Let's break this down step-by-step:

1. Solve for $x$ from the equation:

$x^2 + \frac{9}{x^2} = 10$

We multiply both sides by $x^2$ to clear the fraction: $x^4 + 9 = 10x^2$

Rearrange to form a quadratic equation in terms of $u = x^2$: $x^4 - 10x^2 + 9 = 0$

Now, substitute $u = x^2$, so the equation becomes: $u^2 - 10u + 9 = 0$

Solve this quadratic using the quadratic formula: $u = \frac{10 \pm \sqrt{10^2 - 4 \cdot 9}}{2} = \frac{10 \pm \sqrt{64}}{2} = \frac{10 \pm 8}{2}$

So: $u = \frac{10 + 8}{2} = 9 \quad \text{and} \quad u = \frac{10 - 8}{2} = 1$

Thus: $x^2 = 9 \quad \text{or} \quad x^2 = 1$

Therefore: $x = \pm 3 \quad \text{or} \quad x = \pm 1$

2. Apply the inequality condition:

We are given that $x^3 - 3x > 0$. Let’s first factor the expression: $x^3 - 3x = x(x - \sqrt{3})(x + \sqrt{3})$

We need the product to be positive.

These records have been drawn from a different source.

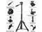 The total weight of the device should not exceed 8.8 pounds. It can withstand a 6.6 -pound camera when fully deployed. It supports most camera/mobile devices, including digital cameras, DSLR, SLR, action cameras, GoPro, webcams, binoculars, ring light cameras, Canon, Nikon, Olympus, iPhone, iPhone 13 Pro Max, iPhone 12 Pro Max.
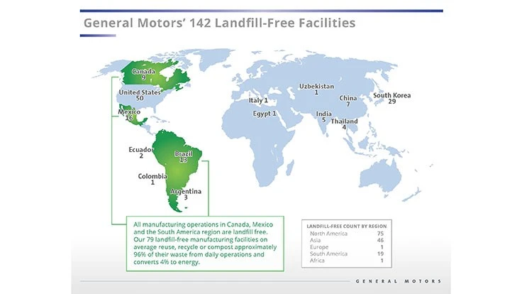 Automaker General Motors (GM), Detroit, has announced that an additional 27 GM facilities have reached zero waste status, bringing the total number of GM facilities achieving landfill-free status to 142. Further, the automaker indicates that all its manufacturing plants in Canada, Mexico and South America now recycle, reuse or convert to energy all waste from daily operations.
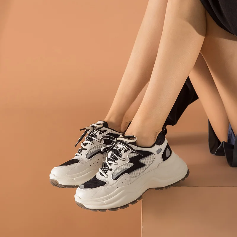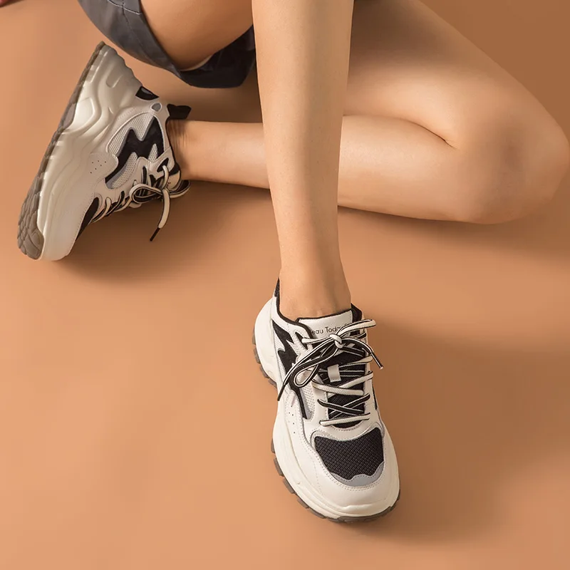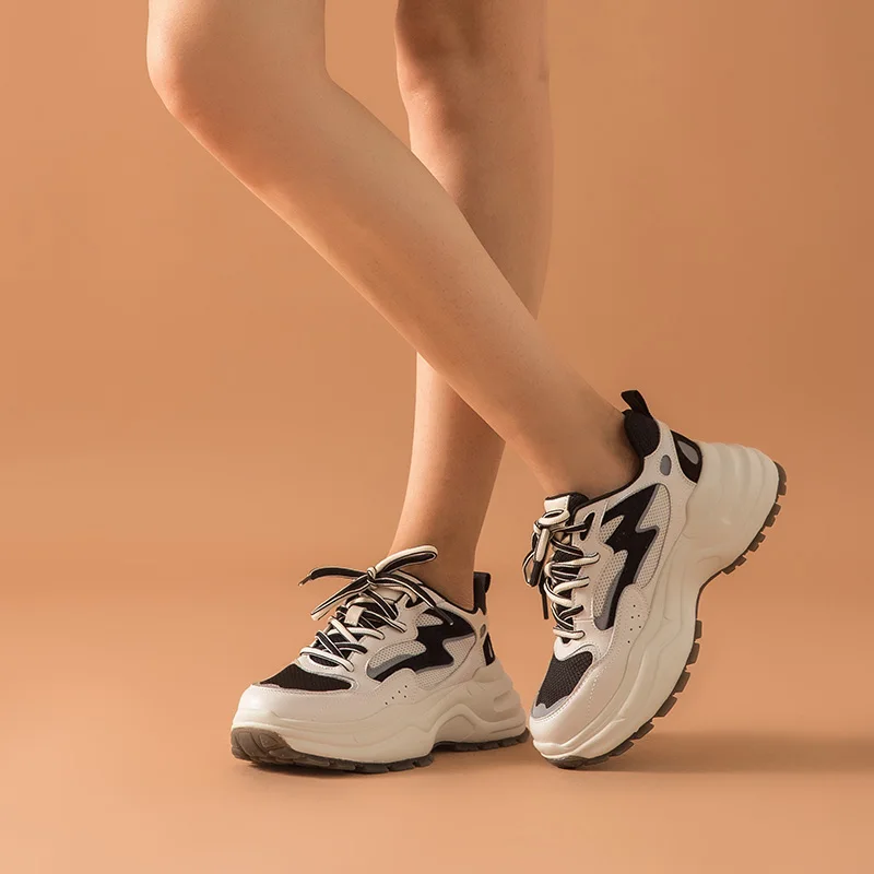 Special Offer BeauToday Chunky Sneakers kobiety krowa skórzana siatka w stylu Retro sznurowane mieszane kolory Lady Casual grube buty Handmade 29326 Discount 45% Today!
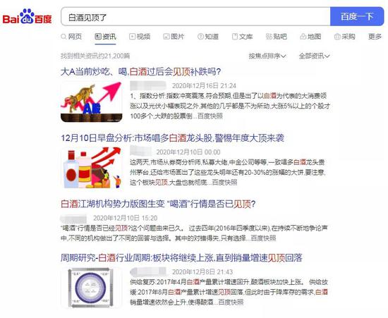 在百度上随手一搜,排名靠前的就有不少相关消息。牛眼君(每经牛眼:njcjnews)大致翻看了一下,大多是从“抱团”“吸引资金炒作”“补跌”等角度来分析,似乎说服力还不够强。况且,关于“白酒股见顶”的说法早在去年就不断出现在各种媒体之上,不过后来都统统被“打脸”。白酒股还能涨多久?相信没几个人敢作出明确的预测,包括牛眼君(每经牛眼:njcjnews)在内也是如此。
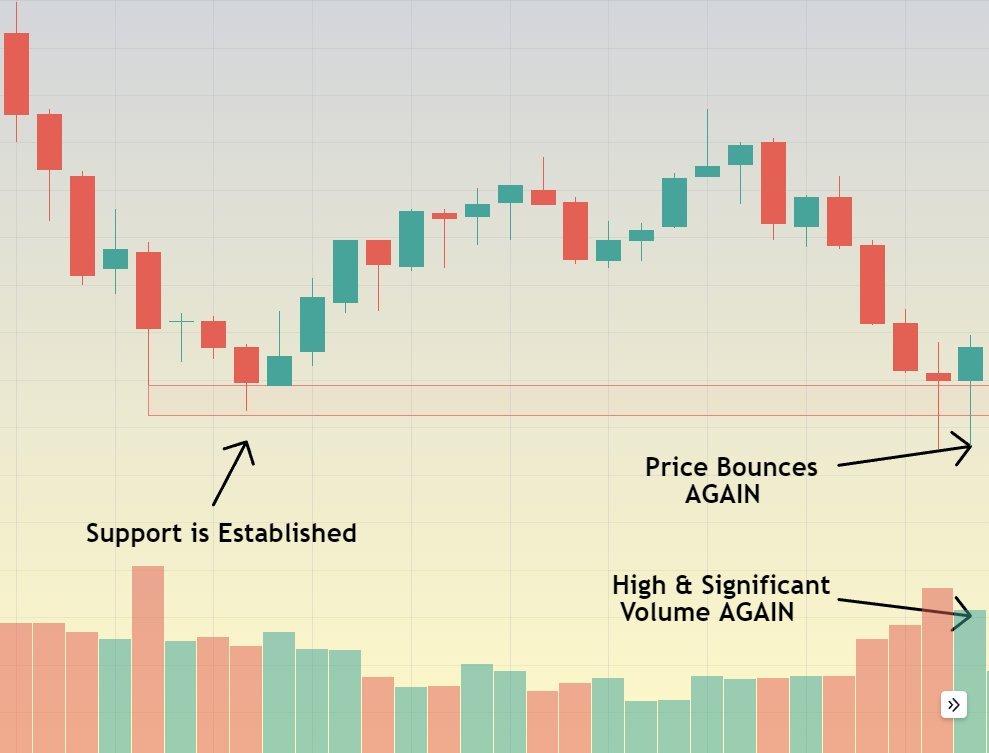 Once the price action reaches our support level, it bounces immediately WITH high volume
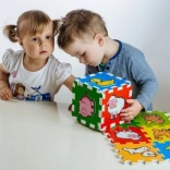 Minden puzzle-darab vidám állatképekkel díszített, amelyek segítik a gyerekeket a színek és formák felismerésében.
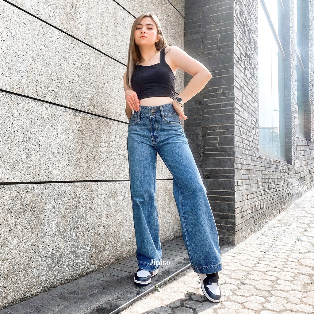 JINISO - Highwaist Baggy Jeans - Celana Panjang Highwaist Wanita - Celana Highwaist - Yud6
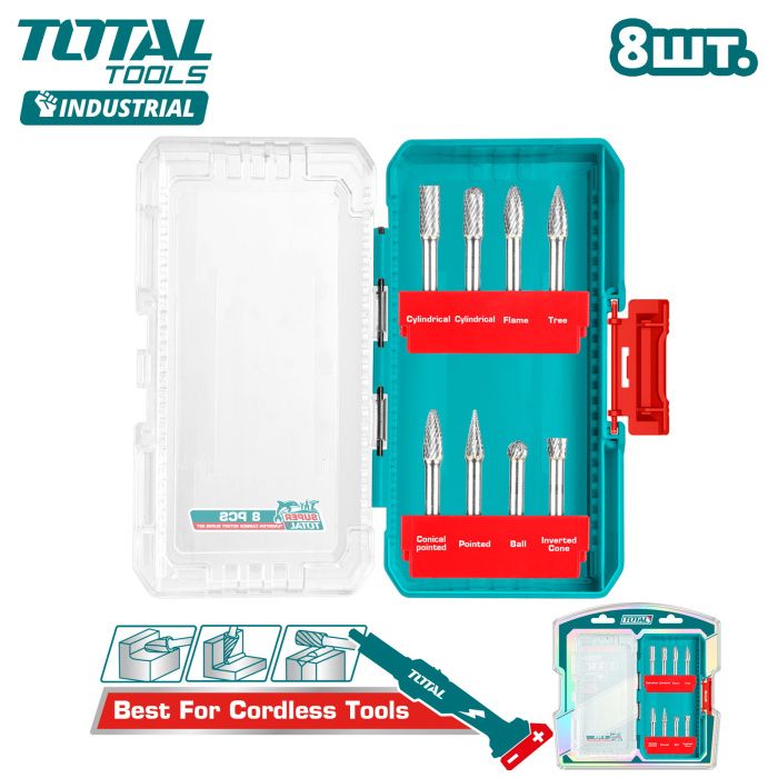 Набор борфрез TOTAL TACSDL10801 (8 шт), описание:
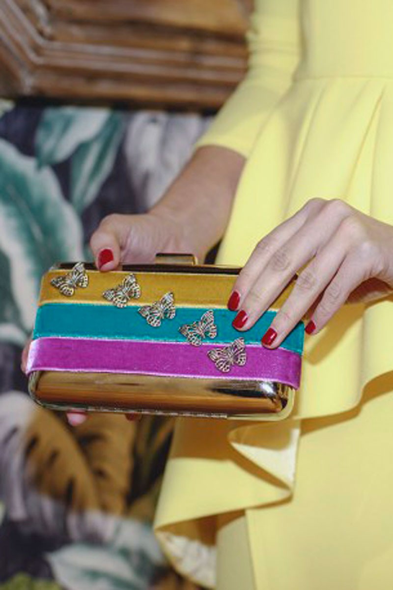Bolso de fiesta con base de latón plateada. Lleva tres tiras de terciopelo mostaza,azul y frambuesa en horizontal y mariposas plateadas. (...)
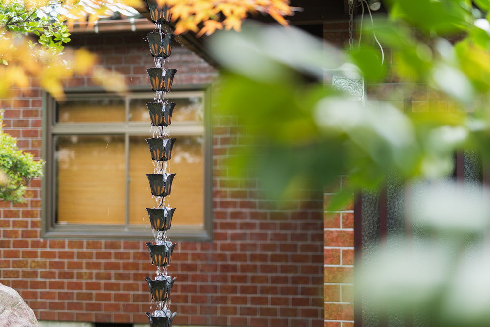 As the rain chain changes with the seasons, it brings a quiet character to your building. Outside of Japan, similar items are often sold as "Bronze Rain Chains," but most are actually made of copper. Our pure C1100 copper naturally develops that rich bronze tone over time, highlighting the material’s lasting elegance.
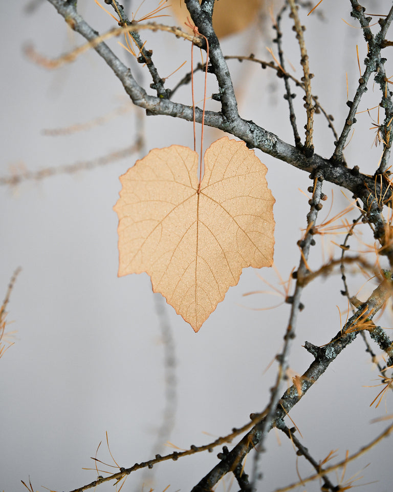Holiday ornaments derived from grape leaves gleaned by the artist on walks near her home and studio. Made from red-coloured stoneware from Italy. Intentionally textured surface features a one-sided impression and softened edges. Includes hole and knotted loop of Italian leather for suspended display. Two (2) oak leaf ornaments available, each one of a kind and handmade by Alissa Coe.
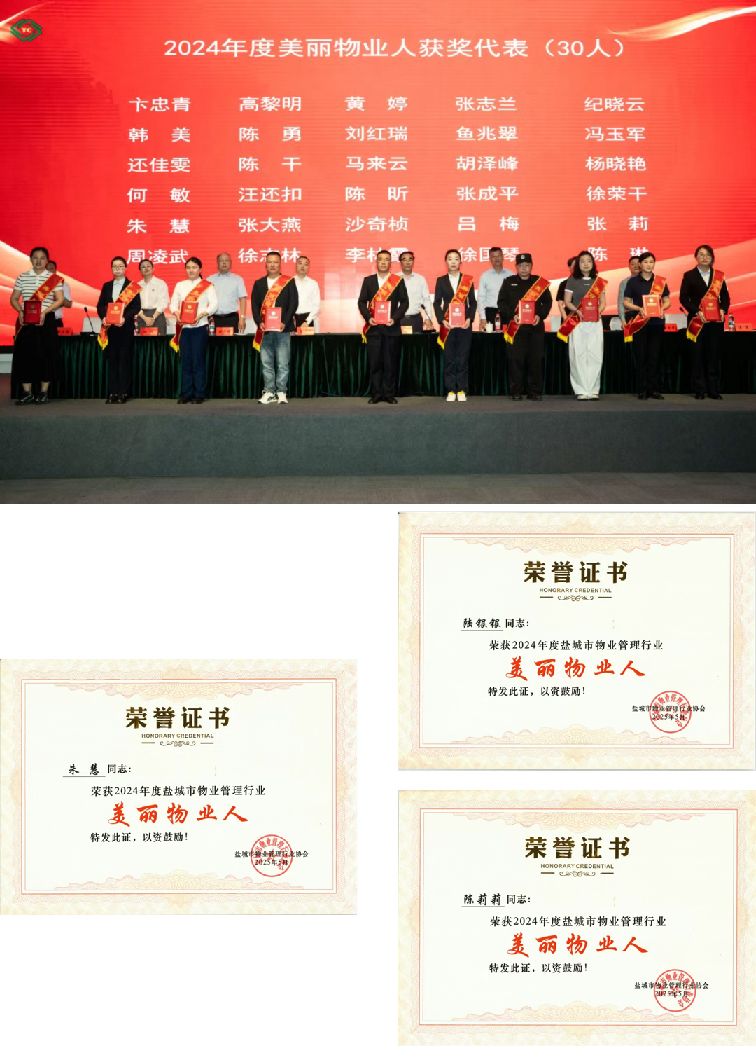 近年來,鹽城港物業(yè)公司按照集團“提質增效年”工作要求,苦練內功,外拓市場。始終錨定品質核心,秉承客戶至上理念,積極創(chuàng)優(yōu)品質管理,打造品牌核心競爭力;始終聚焦業(yè)務拓展,緊扣年度目標任務,在穩(wěn)固基礎業(yè)務上,持續(xù)深耕創(chuàng)收領域;始終筑牢人才基石,堅持人才隊伍建設,朱慧、陳莉莉、陸銀銀三位同志憑借在各自崗位上的突出貢獻和敬業(yè)精神,榮獲“2024年度鹽城市物業(yè)管理行業(yè)美麗物業(yè)人”榮譽稱號。
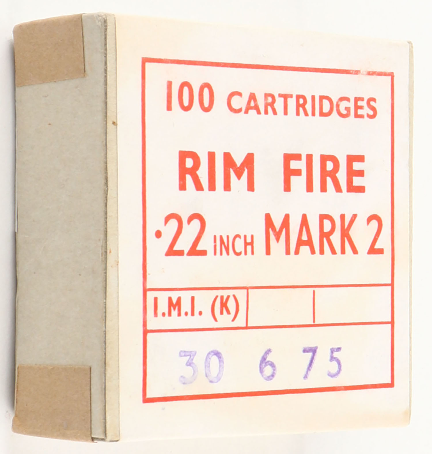 I.M.I., Mark 2, .22 Long Rifle, RHWeb: (England) IMI-5 LR-1, FULL & SEALED, 2pc. Buff box with white & red wraparound label, box is near mint with excellent to minty color, only very minor age soiling, corners are sharp, edges are crisp, label is intact. Grade: Excellent ++ - Value: 10 to 50
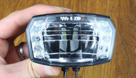 Oben im Gehäuse sind die LEDs für Abblend- und Fernlicht zu sehen. Sie leuchten indirekt über den Reflektor nach vorn. Vor den LEDs ist zusätzlich eine kleine Linse angebracht, welche auch zur richtigen Lichtverteilung beiträgt.
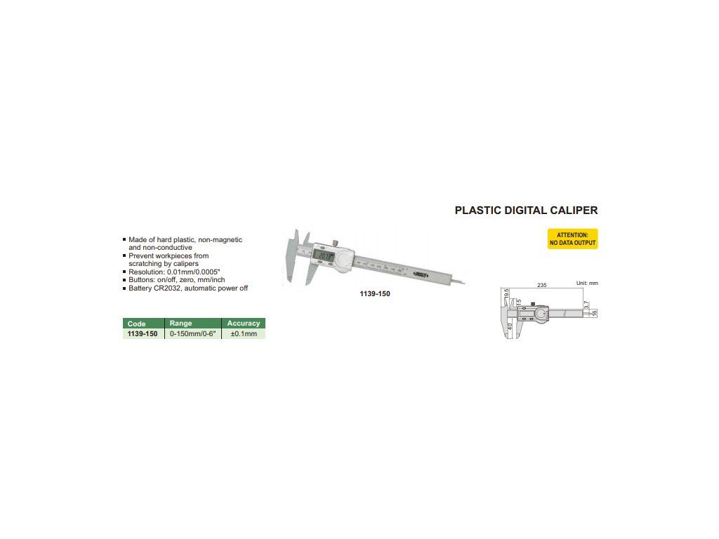 Șubler digital din plastic întărit, cu interval de măsurare 0-150 mm și rezoluție 0,01 mm. Lungimea ciocurilor inferioare este de 40 mm, cu tijă plată pentru măsurarea adâncimilor. Ideal pentru măsurarea componentelor și pieselor care nu trebuie să intre în contact cu metalul.

This depends on the sign of each factor across different ranges of $x$. We solve for:

• Sign analysis of $x(x - \sqrt{3})(x + \sqrt{3})$:
  • For $x > \sqrt{3}$: All factors are positive.
  • For $-\sqrt{3} < x < \sqrt{3}$: Signs alternate; the product is negative.
  • For $x < -\sqrt{3}$: All factors are negative, so the product is negative.

Thus, the inequality $x^3 - 3x > 0$ holds only when $x > \sqrt{3}$ or $x < -\sqrt{3}$.

3. Combining the Solutions:

From the equation $x^2 + \frac{9}{x^2} = 10$, the possible solutions are $x = \pm 3$ and $x = \pm 1$. Now, we need to keep only those solutions that satisfy the inequality $x^3 - 3x > 0$.

• For $x = 3$: $3^3 - 3(3) = 27 - 9 = 18 > 0$.
• For $x = -3$: $(-3)^3 - 3(-3) = -27 + 9 = -18 < 0$.
• For $x = \pm 1$: $1^3 - 3(1) = -2 < 0$, $(-1)^3 - 3(-1) = 2 > 0$, but the sign is opposite to the positive requirement.

Thus, the only valid solution is: $x = 3$

4. Show that $y = x^3 - 3x$ is increasing at $x = 1$:

We need to compute the derivative of $y = x^3 - 3x$ to check if it is increasing at $x = 1$.

$\frac{dy}{dx} = 3x^2 - 3$

Evaluate the derivative at $x = 1$: $\frac{dy}{dx} \Big|_{x = 1} = 3(1)^2 - 3 = 3 - 3 = 0$

Since the derivative is 0 at $x = 1$, the function is neither increasing nor decreasing at this point (it is a critical point).

Summary:

• The solution to the equation $x^2 + \frac{9}{x^2} = 10$ that also satisfies the inequality $x^3 - 3x > 0$ is: $x = 3$
• The derivative of $y = x^3 - 3x$ at $x = 1$ is 0, so the function is neither increasing nor decreasing at $x = 1$.

Do you have any questions or need further details?

Related Questions:

1. How do we determine intervals of increase and decrease for a function?
2. Can a function have multiple solutions that partially satisfy a given inequality?
3. What is the significance of critical points in calculus?
4. How does the quadratic formula generalize to higher-degree polynomials?
5. How can we visualize inequalities graphically?

Tip:

When analyzing inequalities involving polynomials, sign charts can be a useful tool to identify solution intervals accurately.